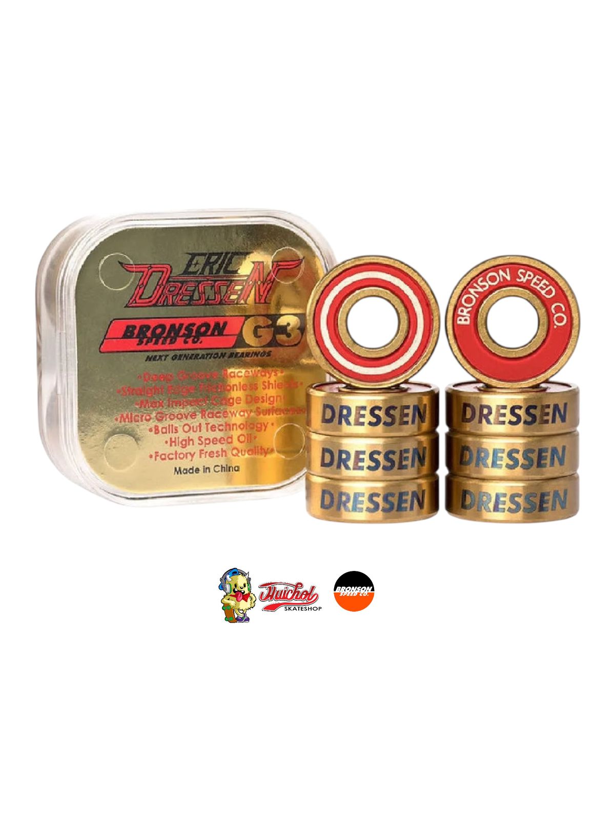 Su diseño en acabado dorado con tapas rojas y el nombre del legendario Eric Dressen los convierte en una pieza de colección, además de un componente de alto rendimiento para patines y skates. Perfectos para quienes buscan precisión profesional y un estilo inigualable.
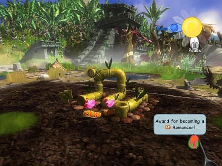Сытая и относительно довольная жизнью пиньята тут же поменяет монохромный окрас на цветастую шкурку. Все, теперь зверюшка в полной власти нового хозяина. По команде прекращает драку с другими. Ест, когда и кого прикажут. Размножается только по указанию свыше. Впрочем, для любовных игр нужно еще свить гнездышко или построить берлогу, чем займется соответствующий специалист. Но и это еще не все. Путь к потомству тернист и опасен. В коротенькой мини-игре нужно соединить двух влюбленных, помогая одному из них пройти по простому лабиринтику с взрывоопасными стенами.
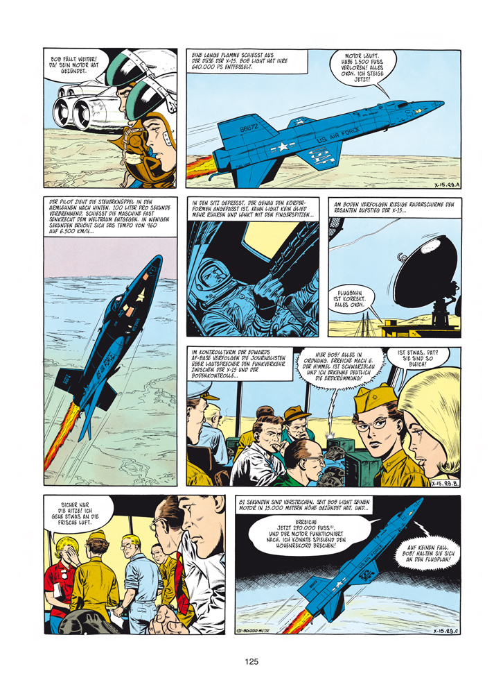 Buck Danny, Sonny Tuckson und Mike Tumbler jagen in diesem 9. Band der Buck-Danny-Gesamtausgabe Satellitendiebe, testen die superschnelle X-15 und bekommen es dann mit einem Störsender zu tun, der die von Cape Kennedy gestarteten Raketen vom Kurs abbringt.
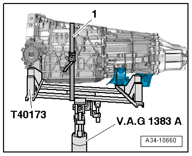 - Place the Engine and Gearbox Jack -VAS6031- with the prepared Gearbox Support -T40173- on the bottom of the transmission.
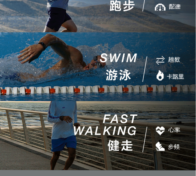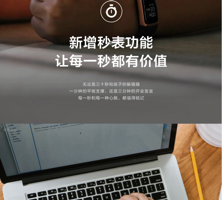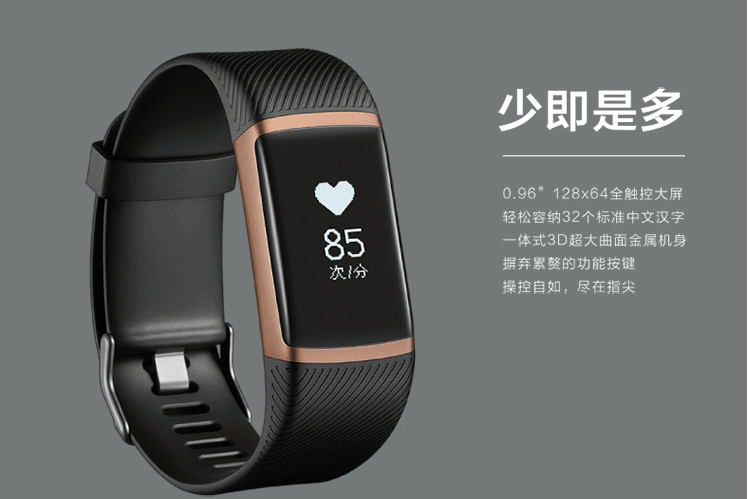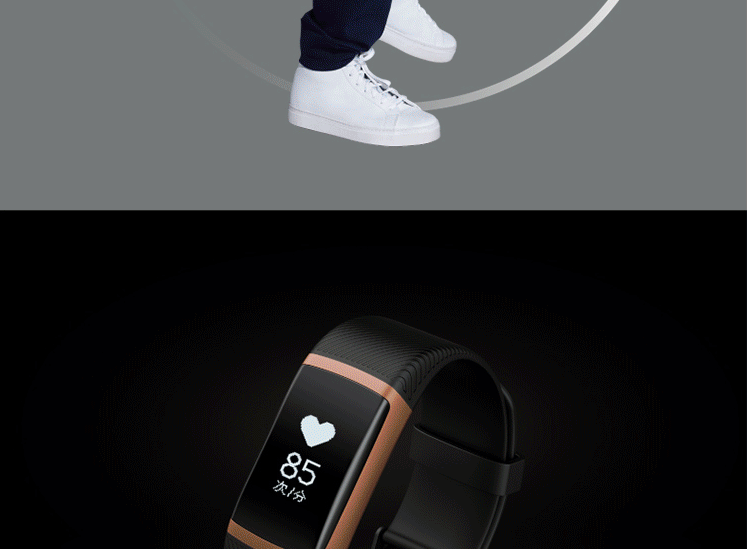 24小时心率监测,自动感应进入跑步模式,好友PK,拒接来电,睡眠检测,防水续航棒
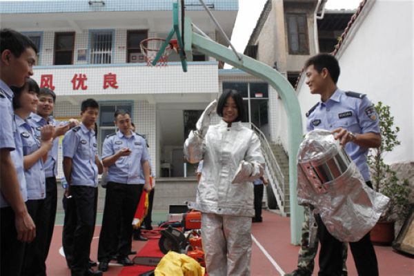 同学们在消防官兵的引导下,有序参观了大队营房、战士宿舍等场所。通过官兵的简要介绍,同学们对消防部队的建设、军事化的管理和消防官兵的日常生活有了一定的了解。消防官兵向同学们展示了消防车及随车器材,现场表演了消防器材操作、攀登挂钩梯、滑绳自救等项目,并让同学们体验了穿戴隔热服、佩带空气呼吸器、使用金属切割机等项目。活动结束后,同学们与消防官兵合影留念,并赠送精心准备的锦旗,对消防官兵提供的“消防大餐”表示衷心的感谢。
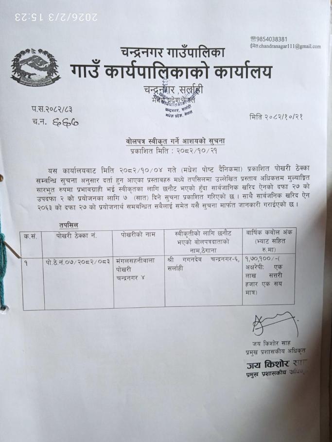 वोलपत्र स्विकृत गर्ने आसयकाे सूचना ।
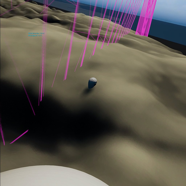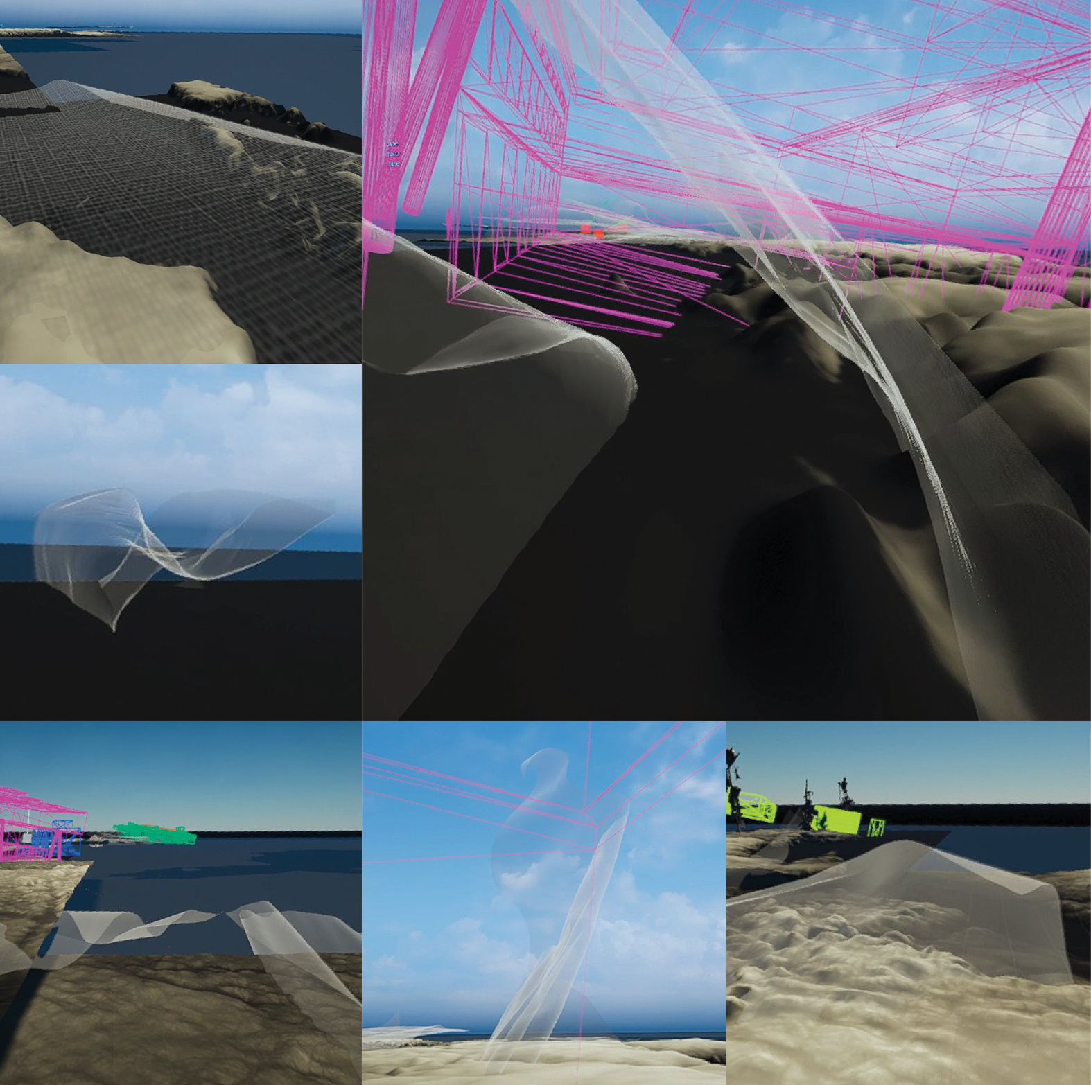 When we put on the headset to look at the world we were creating, we couldn’t find the mannequins. But we did see odd artefacts on the landscape and falling through the air. We hadn’t realized that the wind that was blowing our fabric was also affecting the mannequins. Much to our dismay, their bodies had been twisted and contorted by the wind. The work already had an uncanny, dystopian aura to begin with, but with the addition of mutilated bodies it was pushed over the edge into horror—not what we were going for. The mangled bodies did not make it into the final version.

.....

## TRY IT
Your task is to reproduce the entries above word for word, from the first line through the line with "वोलपत्र स्विकृत गर्ने आसयकाे सूचना ।", and please leave out any pictures.

## FINISHED TASK
 Su diseño en acabado dorado con tapas rojas y el nombre del legendario Eric Dressen los convierte en una pieza de colección, además de un componente de alto rendimiento para patines y skates. Perfectos para quienes buscan precisión profesional y un estilo inigualable.
Сытая и относительно довольная жизнью пиньята тут же поменяет монохромный окрас на цветастую шкурку. Все, теперь зверюшка в полной власти нового хозяина. По команде прекращает драку с другими. Ест, когда и кого прикажут. Размножается только по указанию свыше. Впрочем, для любовных игр нужно еще свить гнездышко или построить берлогу, чем займется соответствующий специалист. Но и это еще не все. Путь к потомству тернист и опасен. В коротенькой мини-игре нужно соединить двух влюбленных, помогая одному из них пройти по простому лабиринтику с взрывоопасными стенами.
 Buck Danny, Sonny Tuckson und Mike Tumbler jagen in diesem 9. Band der Buck-Danny-Gesamtausgabe Satellitendiebe, testen die superschnelle X-15 und bekommen es dann mit einem Störsender zu tun, der die von Cape Kennedy gestarteten Raketen vom Kurs abbringt.
 - Place the Engine and Gearbox Jack -VAS6031- with the prepared Gearbox Support -T40173- on the bottom of the transmission.
 24小时心率监测,自动感应进入跑步模式,好友PK,拒接来电,睡眠检测,防水续航棒
 同学们在消防官兵的引导下,有序参观了大队营房、战士宿舍等场所。通过官兵的简要介绍,同学们对消防部队的建设、军事化的管理和消防官兵的日常生活有了一定的了解。消防官兵向同学们展示了消防车及随车器材,现场表演了消防器材操作、攀登挂钩梯、滑绳自救等项目,并让同学们体验了穿戴隔热服、佩带空气呼吸器、使用金属切割机等项目。活动结束后,同学们与消防官兵合影留念,并赠送精心准备的锦旗,对消防官兵提供的“消防大餐”表示衷心的感谢。
 वोलपत्र स्विकृत गर्ने आसयकाे सूचना ।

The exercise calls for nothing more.